From bce52581f3da4a4e73661a36e3dd926cd5ebc7cf Mon Sep 17 00:00:00 2001
From: Juno Arciaga <junoarciaga@Junos-MacBook-Pro.local>
Date: Thu, 24 Oct 2024 01:24:31 -0700
Subject: [PATCH] Completed complecity-practice assignement

---
 src/Main.java | 125 ++++++++++++++++++++++++++++++--------------------
 1 file changed, 74 insertions(+), 51 deletions(-)

diff --git a/src/Main.java b/src/Main.java
index 1ca5e5b..a58e90c 100644
--- a/src/Main.java
+++ b/src/Main.java
@@ -6,10 +6,10 @@
 public class Main {
 
   // The time complexity is:
-  // YOUR ANSWER HERE
-  public static void timesTable(int x) {
-    for(int i = 1; i <= x; i++) {
-        for(int j = 1; j <= x; j++) {
+  // O(n^2)
+  public static void timesTable(int x) { 
+    for(int i = 1; i <= x; i++) { // n
+        for(int j = 1; j <= x; j++) { // n
             System.out.print(i*j + " ");
         }
         System.out.println();
@@ -17,21 +17,21 @@ public static void timesTable(int x) {
   }
 
   // The time complexity is:
-  // YOUR ANSWER HERE
+  // O(n)
   public static void printLetters(String word) {
-    char[] letters = word.toCharArray();
+    char[] letters = word.toCharArray(); // O(n)
 
-    for (char letter : letters) {
+    for (char letter : letters) { //O(n)
         System.out.println(letter);
     }
   }
 
   // The time complexity is:
-  // YOUR ANSWER HERE
+  // O(n)
   public static boolean isBanned(String password) {
     String[] bannedPasswords = {"password", "hello", "qwerty"};
     boolean banned = false;
-    for(String bannedPassword : bannedPasswords) {
+    for(String bannedPassword : bannedPasswords) { // O(n)
         if(password.equals(bannedPassword)) {
             banned = true;
         }
@@ -41,48 +41,49 @@ public static boolean isBanned(String password) {
 
 
   // The time complexity is:
-  // YOUR ANSWER HERE
+  // O(n)
   public static int computeProduct(int[] nums) {
     int total = 1;
-    for(int num : nums) {
-        total *= num;
+    for(int num : nums) { // O(n)
+        total *= num; // O(1)
     }
     return total;
   }
 
   // The time complexity is:
-  // YOUR ANSWER HERE
+  // O(n)
   public static void describeProduct(int[] nums) {
-    System.out.println("About to compute the product of the array...");
-    int product = computeProduct(nums);
+    System.out.println("About to compute the product of the array..."); // O(1)

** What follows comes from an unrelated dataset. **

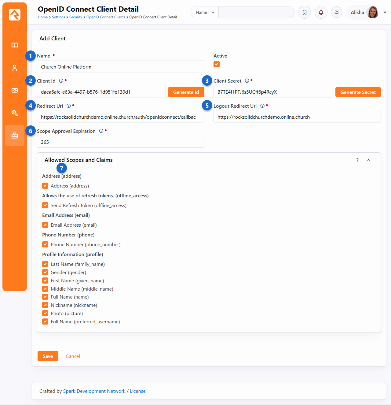 Let's see how to configure Rock as the authentication server for an outside system. You'll probably want to set up Rock at the same time you're setting up the client system. There's information Rock will need about the client, and the client will need some things from Rock, so it makes sense to have both up at once if you can. Adding OIDC Clients in Rock Each external system you're working with will need their own OIDC Client configuration in Rock. In the below example, we'll be setting up Rock to interact with Church Online Platform (ChOP). A little later in the next section we'll show you how things look in ChOP so you can see how everything connects. To start, navigate to Admin Tools > Settings > OpenID Connect Clients. From here you can view the clients you already have set up or add new ones to the list. In this example we'll be adding a new client for ChOP. Name - Be sure to provide a descriptive name, so you can easily distinguish between clients.Client ID - The Client ID is a critical part of what connects Rock and the client. It must be exactly the same for both systems or the process won't work. The Client ID should be created in Rock using the Generate Id button, and then copied from Rock to the client system.Client Secret - If you think of the Client ID as a username, then the Client Secret would be like a password. Like the Client ID, the Secret must match exactly between both systems and can initially be generated by clicking the Generate Secret button in Rock. You only get one chance to see the Client Secret when you first generate it, so if you lose track of it, you’ll need to generate a new one.Redirect Uri - After the person has provided their credentials, they will be redirected back to the client via the path indicated here. As you'll see in the next section below, this URI is provided by the client system.Logout Redirect Uri - When the person logs out of the client system, they can be taken to the URI listed here. In this case, we're using the "Church Online Platform Origin" provided by ChOP, but you can choose a different path. Just keep in mind that the client system chooses whether or not to use this URI. If you log out of the client system and aren't taken to the path provided here don't worry, it just means the client system isn't using it.Scope Approval Expiration - This is basically the amount of time, in days, that we're allowed to send someone's information. After this time period elapses, permission from the person (scope approval) needs to be obtained again.Allowed Scopes and Claims - This is where you can choose what information the client system can get from Rock. Keep in mind the client must specifically request this information. For instance, checking the ‘Address’ box doesn’t mean a person’s address will be sent to the client every time they log in. By checking the box, you’re saying that the external system is allowed to have that informationifthey request it. TipChanging Scopes and ClaimsIf you want to get really advanced, Rock lets you change the list of Scopes and Claims. You can access the OpenID Connect Scopes configuration from the OpenID Connect Clients page at Admin Tools > Settings > OpenID Connect Clients. Just remember that this requires coordination with (and possible changes to) the client system, to support the updates you make. Example Client System Setup Each client will be a little different, so it’s challenging to provide specific instructions that apply to any system that’s out there. In this section we’ll use Church Online Platform (ChOP) as an example client, but the same key points will apply to any system that supports OpenID Connect. First, you’ll need to log in to ChOP. If you don’t have a login, you can create one here. When you’re logged in, you'll need to access the Admin menu. If you're not already there, there's a button near the top-left where you can "Go to Admin". From the Admin menu, click "Integrations" on the left, then select "OpenID Connect” and click the “Set Up” button. You’ll then be brought to the page pictured below. This page has fields for information you’ll need to get from Rock, and it also provides information you’ll need to add to Rock. As we mentioned earlier, this is why it's a good idea to set up both systems at the same time. Callback URLIn this example we need to use the Callback URL from ChOP as the Redirect Uri discussed in the prior section. This will always be pointed to the client site.Church Online Platform OriginThe Platform Origin is sort of like a homepage. In this case, ChOP has provided us with the public URL that Rock Solid Church uses for our online services. This is a logical place to bring people when they log out of ChOP, so we've used this as our Logout Redirect Uri in Rock as shown in the prior section above.Issuer URIThis will be your organization's website. Specifically, this needs to be the Public Application Root in Rock's Global Attributes. If you're having trouble connecting with a client, try using https instead of http for your Public Application Root and make sure it exactly matches what's in the client system, including the /at the end.Client IDYou'll populate this with the Client Id that was generated from Rock, as described in the prior section above. It is critical to the process that the Client ID is exactly the same between both systems, so this is one of the first things you should check if things aren't working.Client SecretJust like the Client ID, this will be generated in Rock and then copied over to the client system. Also like the Client ID, the Client Secret needs to be exactly the same between both systems. Remember, Rock won't show you the Client Secret after it's been saved, so if you need it and can't access it, you'll have to generate a new one and copy it over to the client.Test ConfigurationChurch Online Platform gives you a handyTest Configurationbutton to make sure both systems can communicate with each other. If 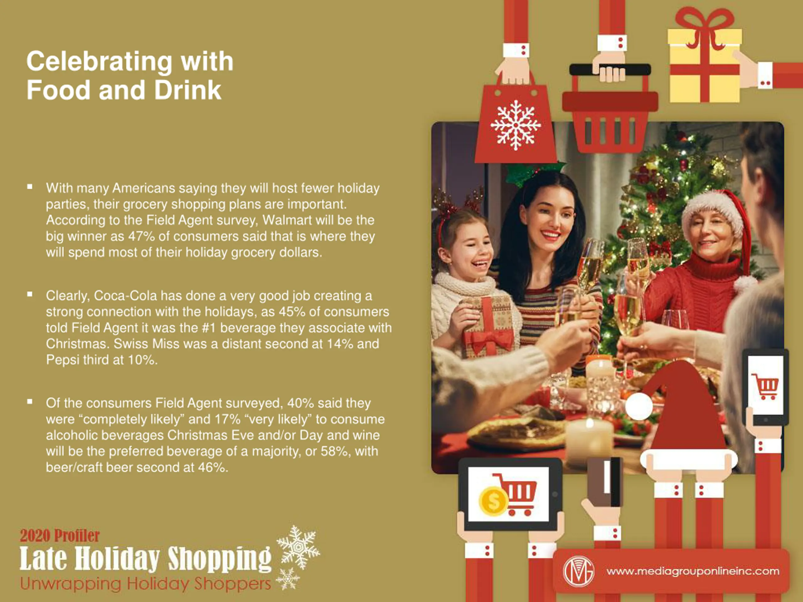 Celebrating with Food and Drink With many Americans saying they will host fewer holiday parties, their grocery shopping plans are important. According to the Field Agent survey, Walmart will be the big winner as 47% of consumers said that is where they will spend most of their holiday grocery dollars. Clearly, Coca-Cola has done a very good job creating a strong connection with the holidays, as 45% of consumers told Field Agent it was the #1 beverage they associate with Christmas. Swiss Miss was a distant second at 14% and Pepsi third at 10%. Of the consumers Field Agent surveyed, 40% said they were completely likely and 17% very likely to consume alcoholic beverages Christmas Eve and/or Day and wine will be the preferred beverage of a majority, or 58%, with beer/craft beer second at 46%.

+    int product = computeProduct(nums); // O(n)
     System.out.println("The product I found was " + product);
   }
 
 
   // The time complexity is:
-  // YOUR ANSWER HERE
+  // O(n)
   public static int computeFactorial(int n) {
     int result = 1;
-    for(int i = 1; i <= n; i++) {
-        result *= n;
+    for(int i = 1; i <= n; i++) { // O(n)
+        result *= n; // O(1)
     }
     return result;
   }
 
   // Assume that the largest number is no bigger than the length
   // of the array
+  // Answer: O(n^2)
   public static void computeAllFactorials(int[] nums) {
-    for(int num : nums) {
-        int result = computeFactorial(num);
+    for(int num : nums) { //O(n)
+        int result = computeFactorial(num); //O(n)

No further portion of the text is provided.